Jose Mourinho has stoked tensions ahead of Sunday's derby at Old Trafford by accusing Manchester City players of diving.
Speaking on Friday, opposite number Pep Guardiola commented upon a "correct" and "friendly" relationship between the two managers since their arrival in Manchester last year – somewhat at odds with the tempestuous feuding that marked their respective spells at Barcelona and Real Madrid.
Earlier this week, Mourinho suggested Guardiola lied about playmaker David Silva being a doubt for this weekend's clash. Silva has since been declared fit to face United, where City will aim to extend an eight-point advantage over their neighbours at the summit by chalking up a 14th consecutive Premier League victory.
Now the Portuguese has seemingly made another attempted to reopen old wounds with a far more provocative pre-match comment, stating that City's attacking players "lose balance very easily".
"They defend well, they react well to the moment they lose the ball. They have a good dynamic in attack," he said.
"They have creative movements, amazing players, a fantastic coach.
"They have lots of good things. If you ask me one thing that I don't like a lot, it's that they lose balance very easily. A little bit of wind and they fall."
City have won four penalties this season, more than any other side in the Premier League.
Last month, Arsenal manager Arsene Wenger caused controversy by saying Raheem Sterling "dives well" after the England winger went down under a challenge from Nacho Monreal in the area. Sergio Aguero converted – City's second goal in a 3-1 win.
"I know that a derby is something special for the people," says the boss. "For us, it's about three points but I think that for the people it's a good, positive rivalry." December 8, 2017
Mourinho also suggested Guardiola was the beneficiary of favourable treatment from the football authorities with regards the yellow ribbon he has sported on match days and at news conferences over recent weeks to show solidarity with imprisoned politicians in his native Catalonia.
"I think that our political ideology and our political beliefs is something that we have the right to have," said Mourinho.
"We're normal citizens like everybody else in our countries and everybody else in our world.
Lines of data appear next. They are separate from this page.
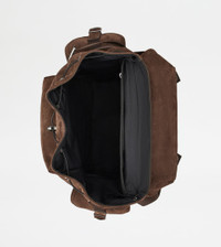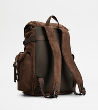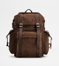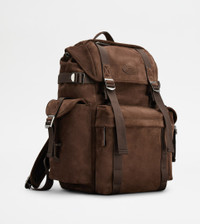 Backpack in calfskin suede, with handle strap and adjustable shoulder straps. Closed with flap and branded metal buckles, it features a flat upper pocket and wide zipped front pocket. The sides come with practical flap pockets, while the interior features a drawstring with branded slider. - Dimensions: L 14.6 ins x H 15.4 ins x D 8.3 ins - Handle: height (drop) 2.8 ins - Adjustable shoulder straps - Made in Italy - Backpack in suede - Item crafted in calfskin suede - Fabric detailing - Tod's logo stamped on the front - Flat zipped upper pocket - Zipped front pocket - 2 side pockets with flap and metal buckle - Flap, metal buckle and drawstring closure - Fabric lining - Zipped internal pocket - Maintenance and care cards included - Branded dustbag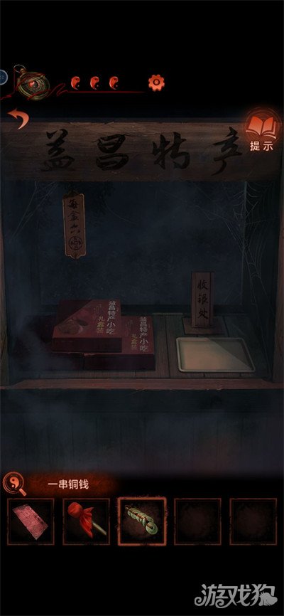 进庙点击元宝机关 从头全点一遍 得到铜钱,用铜钱获得礼盒,去中间摸孔明灯,记住伞图案,回到庙里,关伞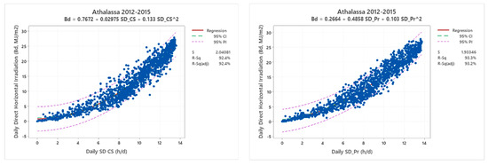 The empirical coefficients of the Angström–Prescott (A–P) formulation for different pairs are very close. The parameter α ranges from 0.227 to 0.298, while b varies from 0.468 to 0.533. The dispersion of the empirical values is small, since all the stations have almost the same climatic conditions. The coefficients of determination are very high, ranging from 0.728 to 0.907. The lowest values are obtained in the cases when the relative sunshine was measured by automatic stations equipped with CSD3 recorders. Otherwise, R2 is around 0.90. It has to be noted that the empirical coefficients for the same location but in different time periods are almost similar. The daily direct horizontal irradiation is closely related to the daily sunshine duration through quadratic equations.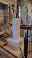 The Selus Stone at St Just, Cornwall. Inside St Just's Church there is a 5th or 6th century pillar stone with a Latin inscription and a chi rho cross. It commemorates St Selevan or Levan, the brother of St Just (Jestyn). Originally it was built into the church wall near the altar, but in 1824 it was stood up-right. Standing at 5 foot 5' tall, on a large square base, it is a Romano-Christian stone.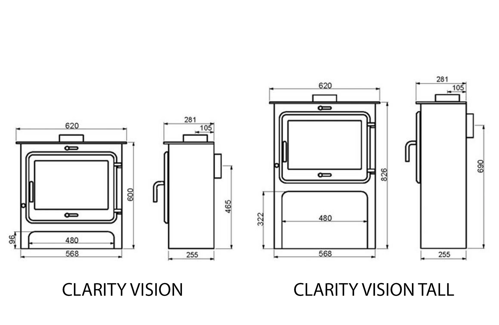 Clarity Vision Multi-fuel version £1,299. Clarity Vision Woodburner High £1,299, Multi-fuel Tall version £1,499.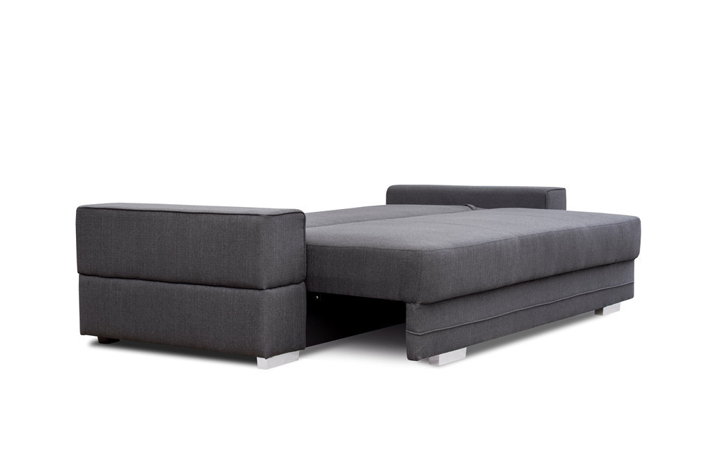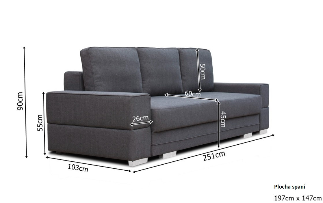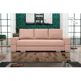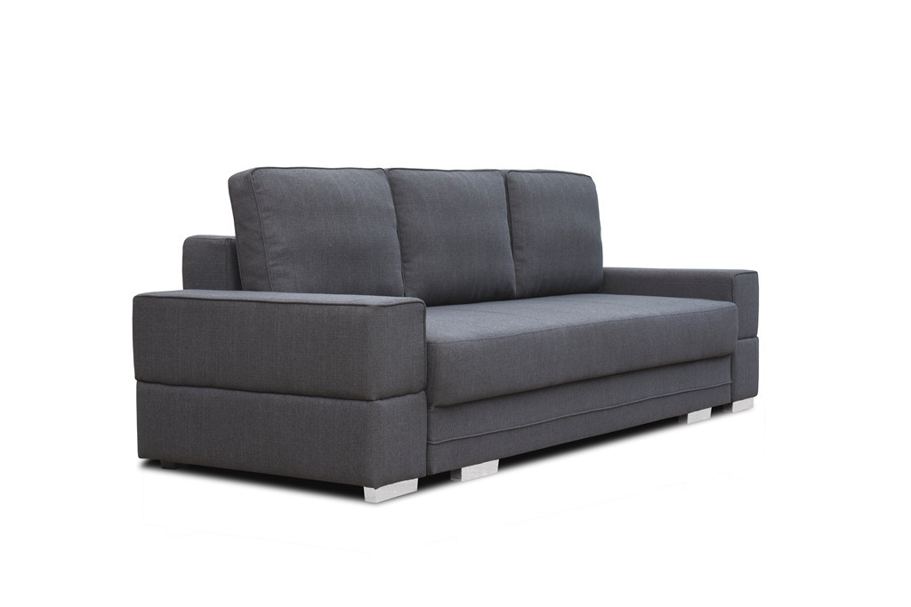 SOFIA je třímístná pohovka, díky níž můžeme prakticky a zároveň velmi moderně zařídit volný prostor obývacího pokoje, zasedací místnosti nebo třeba soukromé pracovny. Jednoduchý tvar pohovky je vybaven tvarovanými područkami a třemi polštáři umístěnými na opěradle. Rozložená pohovka je vyplněna vlnitými pružinami a pěnou T-30 na opěradle a sedáku, díky čemuž si kus nábytku zachová patřičnou pružnost a nevzniknou na něm nevzhledné deformace. Dřevěný rám pohovky zajišťuje odolnost a odpovídající pevnost konstrukce, kterou doplňují chromované nožky. Volně stojící pohovka SOFIA je čalouněná látkou, jejíž barvy lze zvolit podle individuálních preferencí a vzhledu zařízené místnosti. Díky čalouněnému opěradlu může být SOFIA umístěna jak u stěny, tak uprostřed prostorné místnosti. Je třeba mít na paměti, že tento kus nábytku je vybaven úložným prostorem na lůžkoviny a má funkci spaní. Pohovka SOFIA vám zajistí bezpečný a zároveň pohodlný odpočinek.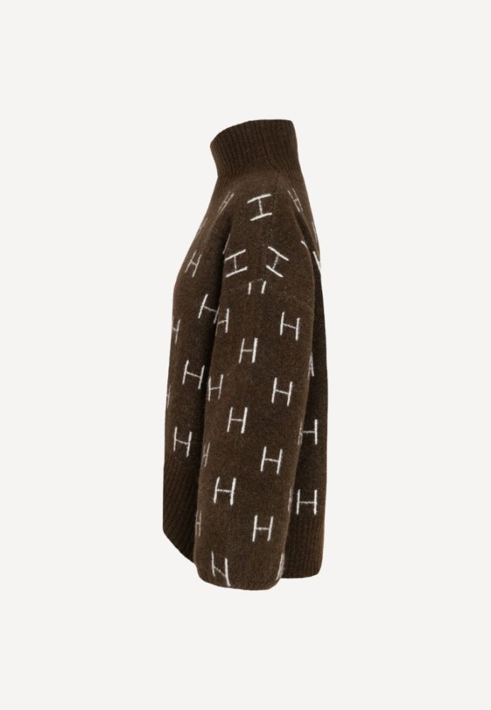 FAM Short Sweater fra Hést i farven Dark Earth er en af mærkets signaturstyles – elsket for sin afslappede pasform og underspillede elegance. Strikken har en blød høj hals, vide ærmer og en let længere ryg, der giver et flatterende og komfortabelt udtryk. Fremstillet i en luksuriøs blanding af merinould, kid mohair og nylon for en let og behagelig følelse.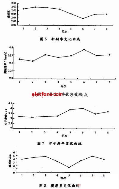 (4)溫度對薄膜的各個參數(shù)影響都不大。溫度上升,折射率增大(見圖5),腐蝕速度下降(見圖6)。

"I've known Pep for many years, I think I know what Pep feels about his country. But to have it in football? I don't know the rules.
"If the rules allow us to do that, he is a free citizen to do it. But I'm not sure if the rules allow any political message on the pitch. That's just my doubt.
"But I know Pep and I know his feelings like everyone else because it's public about his country.”
Asked whether he would act similarly in support of a cause close to his heart, Mourinho replied: "I think I wouldn't be allowed."